:: GIVEN RECORDS
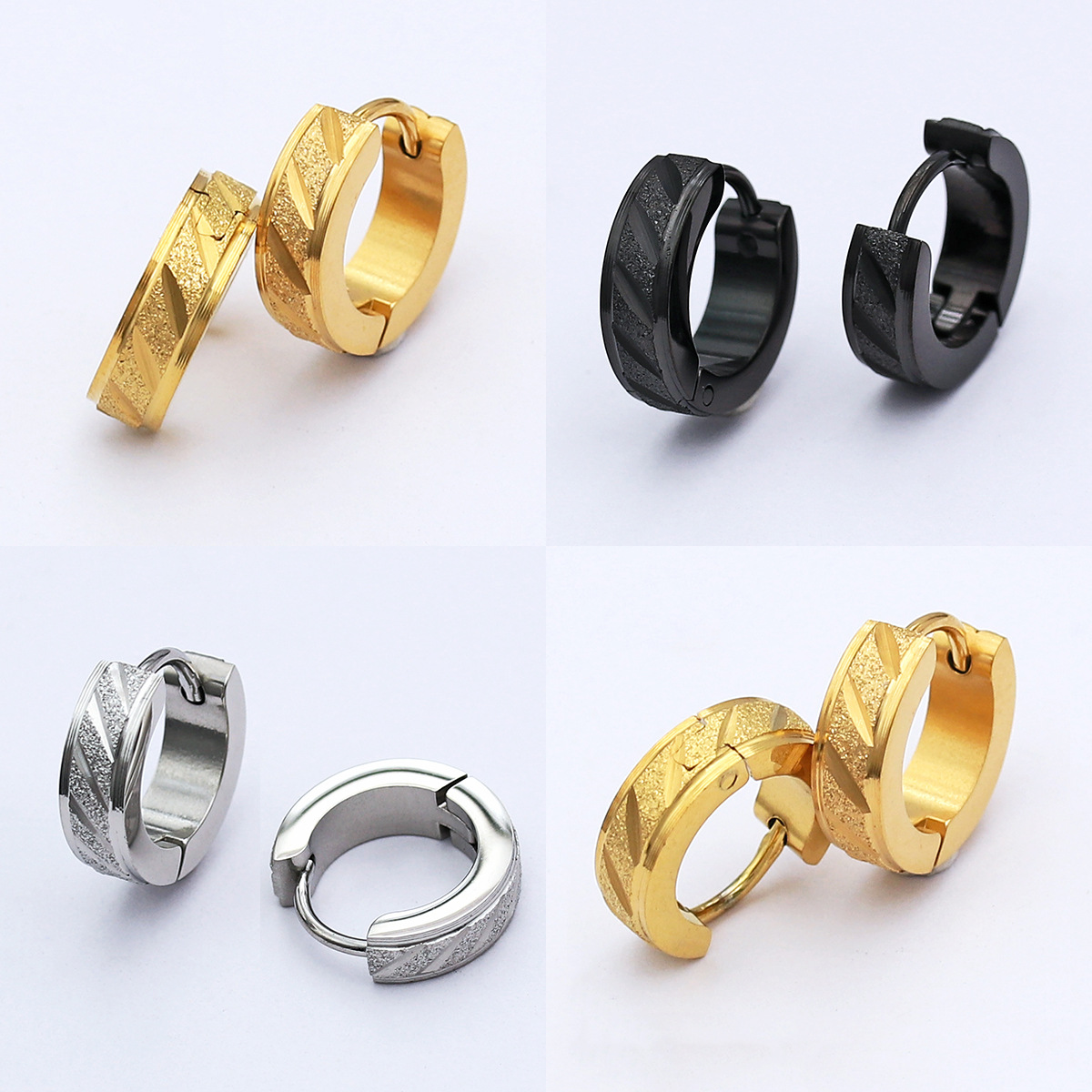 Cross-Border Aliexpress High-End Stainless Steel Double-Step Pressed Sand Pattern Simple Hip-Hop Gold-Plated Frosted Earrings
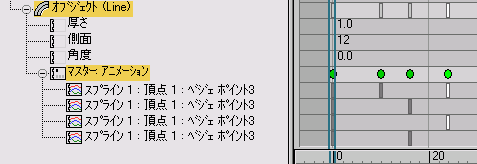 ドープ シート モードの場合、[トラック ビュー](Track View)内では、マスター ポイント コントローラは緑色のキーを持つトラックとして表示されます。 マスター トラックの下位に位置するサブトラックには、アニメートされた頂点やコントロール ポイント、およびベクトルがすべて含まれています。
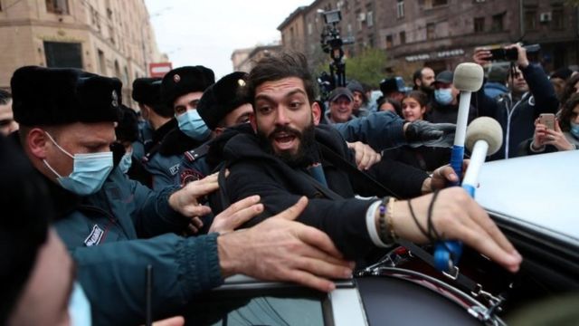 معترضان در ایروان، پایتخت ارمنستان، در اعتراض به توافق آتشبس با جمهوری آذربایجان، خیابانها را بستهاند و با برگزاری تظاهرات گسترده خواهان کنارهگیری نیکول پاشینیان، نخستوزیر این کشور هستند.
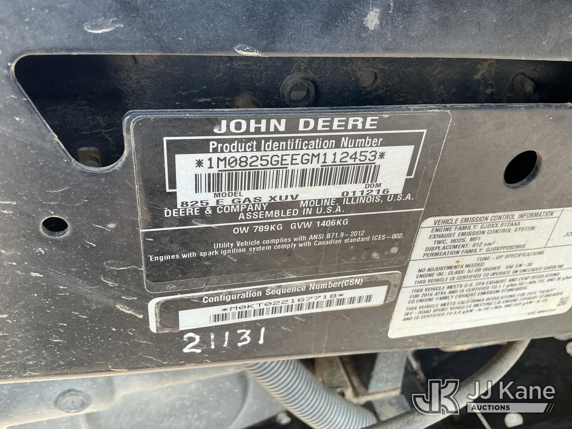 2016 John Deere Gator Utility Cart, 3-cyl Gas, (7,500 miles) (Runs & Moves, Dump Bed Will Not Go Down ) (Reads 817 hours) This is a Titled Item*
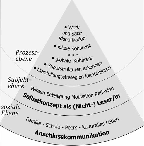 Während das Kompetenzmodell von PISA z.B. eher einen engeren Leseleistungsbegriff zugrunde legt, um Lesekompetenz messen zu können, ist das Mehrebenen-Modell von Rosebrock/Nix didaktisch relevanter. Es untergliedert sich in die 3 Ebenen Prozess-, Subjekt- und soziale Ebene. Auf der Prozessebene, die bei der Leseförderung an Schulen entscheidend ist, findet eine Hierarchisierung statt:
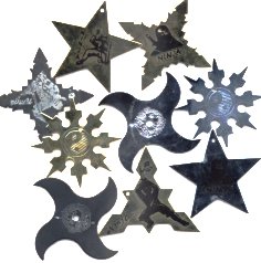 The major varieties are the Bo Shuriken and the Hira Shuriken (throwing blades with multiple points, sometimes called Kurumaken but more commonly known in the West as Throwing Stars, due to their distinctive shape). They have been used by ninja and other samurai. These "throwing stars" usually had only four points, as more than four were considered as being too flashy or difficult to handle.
::::
▸ **TASK TO CARRY OUT**: Return the lines above from the one with "معترضان در ایروان،" through the one with "Während das Kompetenzmodell", verbatim and nothing else. Omit every picture.

▸ **OUTPUT OF THE TASK**:
 معترضان در ایروان، پایتخت ارمنستان، در اعتراض به توافق آتشبس با جمهوری آذربایجان، خیابانها را بستهاند و با برگزاری تظاهرات گسترده خواهان کنارهگیری نیکول پاشینیان، نخستوزیر این کشور هستند.
 2016 John Deere Gator Utility Cart, 3-cyl Gas, (7,500 miles) (Runs & Moves, Dump Bed Will Not Go Down ) (Reads 817 hours) This is a Titled Item*
 Während das Kompetenzmodell von PISA z.B. eher einen engeren Leseleistungsbegriff zugrunde legt, um Lesekompetenz messen zu können, ist das Mehrebenen-Modell von Rosebrock/Nix didaktisch relevanter. Es untergliedert sich in die 3 Ebenen Prozess-, Subjekt- und soziale Ebene. Auf der Prozessebene, die bei der Leseförderung an Schulen entscheidend ist, findet eine Hierarchisierung statt:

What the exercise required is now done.